When an electron emission timing arrives, the drive voltage applying circuit 31 changes the drive voltage Vin to an electron emission voltage Vp, which is the predetermined positive voltage. The element voltage Vka thus starts to increase. In this stage, as shown in FIG. 10, the charge state of the emitter section 21c is maintained until the element voltage Vka reaches a voltage Vb (point p6) slightly lower than a positive coercive field voltage Vd (e.g., +50 V) corresponding to a point p5 in FIG. 7.

Then, the element voltage Vka reaches a voltage close to the positive coercive field voltage Vd. Thus, the negative poles of the dipoles start to be turned toward the upper surface of the emitter section 21c. That is, as shown in FIG. 11, the polarization is reversed again (i.e., positive polarization reversal starts to occur). This state is a state near the point p5 in FIG. 7.

Then, the nearer the time of the completion of the positive polarization reversal, the more the dipoles whose negative poles are turned toward the upper surface of the emitter section 21c. As a result, as shown in FIG. 12, the electrons accumulated in the emitter section 21c in the vicinity of the fine through-holes 21d1 start to be emitted upward (in the positive Z-axis direction) through the fine through-holes 21d1 by Coulomb repulsion. Since the large number of fine through-holes 21d1 are defined in the upper electrode 21d, a large number of electrons are emitted in a planar manner through the fine through-holes 21d1. The emitted electrons are applied to the phosphor 24 of the light-emitting section 20B. Thus, the phosphor 24 emits white light. The emitted light is directed upward through the transparent plate 22, and enters the liquid crystal display 10.

When the positive polarization reversal is completed, the element voltage Vka starts to rapidly increase, and electrons are actively emitted. Then, the emission of electrons is completed, and the element voltage Vka reaches the predetermined positive voltage Vp. As a result, the state of the emitter section 21c returns to the initial state shown in FIG. 6 (the state at the point p1 in FIG. 7).

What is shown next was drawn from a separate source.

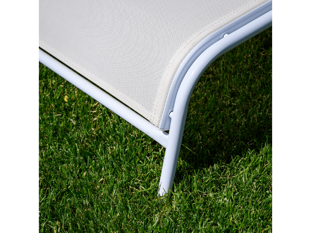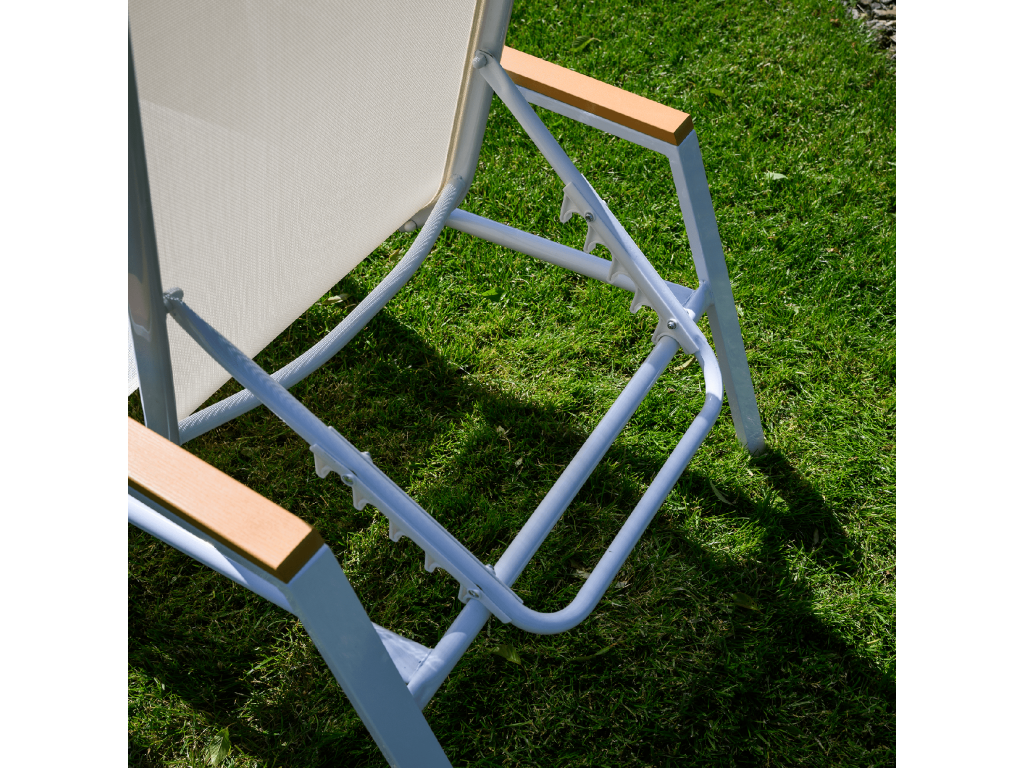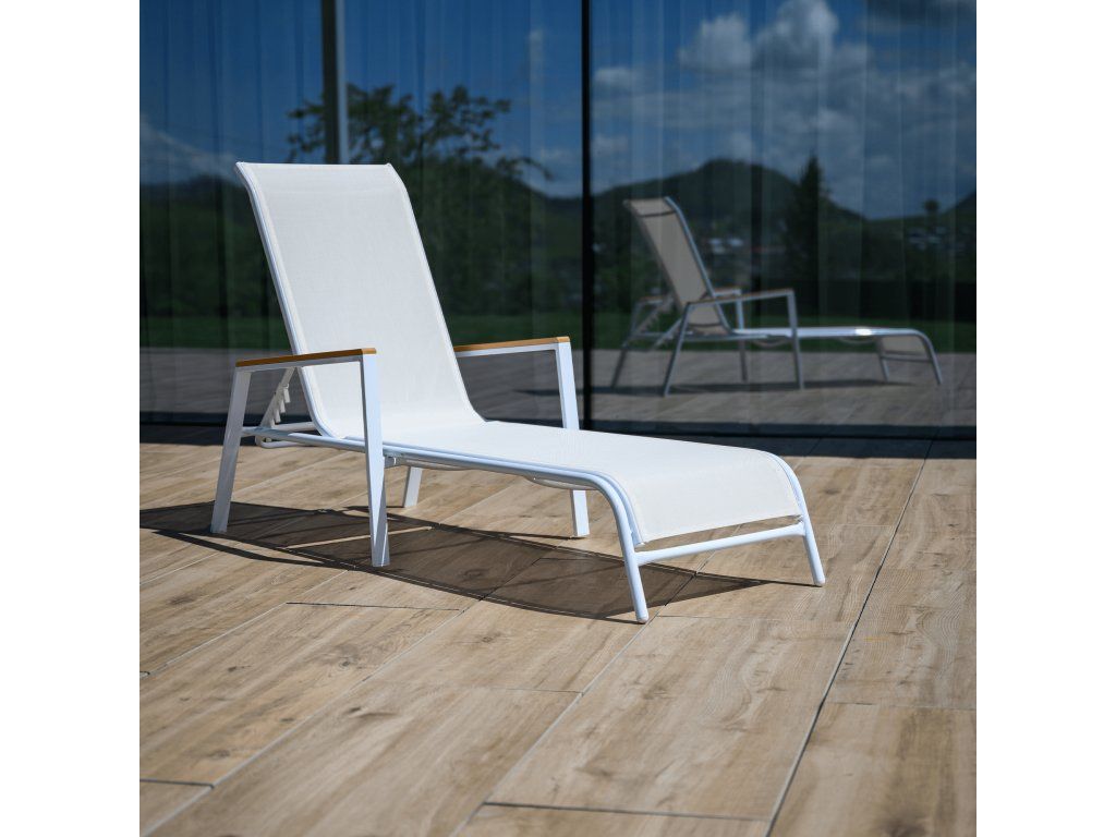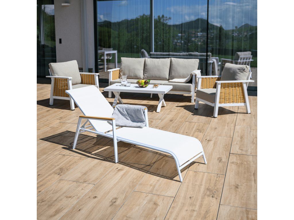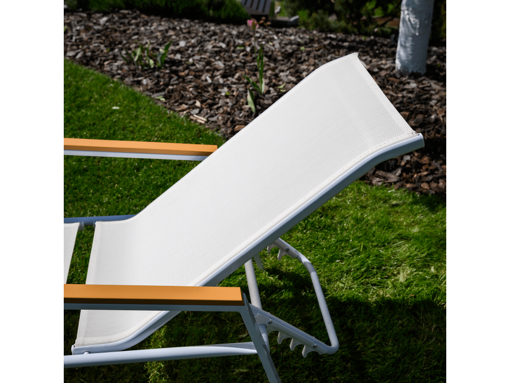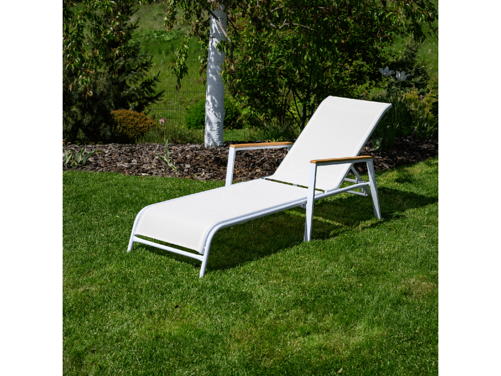 Záhradné ležadlo, biela oceľ/dub, BONTO

What has been described above is a series of operations for the accumulation of electrons (writing of electrons) and the emission of electrons (lighting of the phosphor).

In the electron-emitting elements 21, therefore, negative polarization reversal does not occur unless the drive voltage Vin exceeds below the negative coercive field voltage Va (e.g., −10 V) (i.e., unless the drive voltage Vin becomes a negative voltage with magnitude greater than the absolute value of the negative coercive field voltage Va), and the electrons to be emitted are not accumulated in the emitter section 21c in the vicinity of the fine through-holes 21d1. Thus, the relationship between the write voltage of the electron-emitting elements 21 (the drive voltage Vin during the accumulation of electrons) and the amount of light emission of the phosphor 24 changes as shown in the graph of FIG. 13. As is understood from FIG. 13, the electron-emitting elements 21 are elements capable of accumulating and emitting electrons with respect to a predetermined range of write voltage (a negative voltage in the range of, in this embodiment, −20 to −10 V), wherein the greater the absolute value of the voltage, the more the electrons the elements accumulate and emit.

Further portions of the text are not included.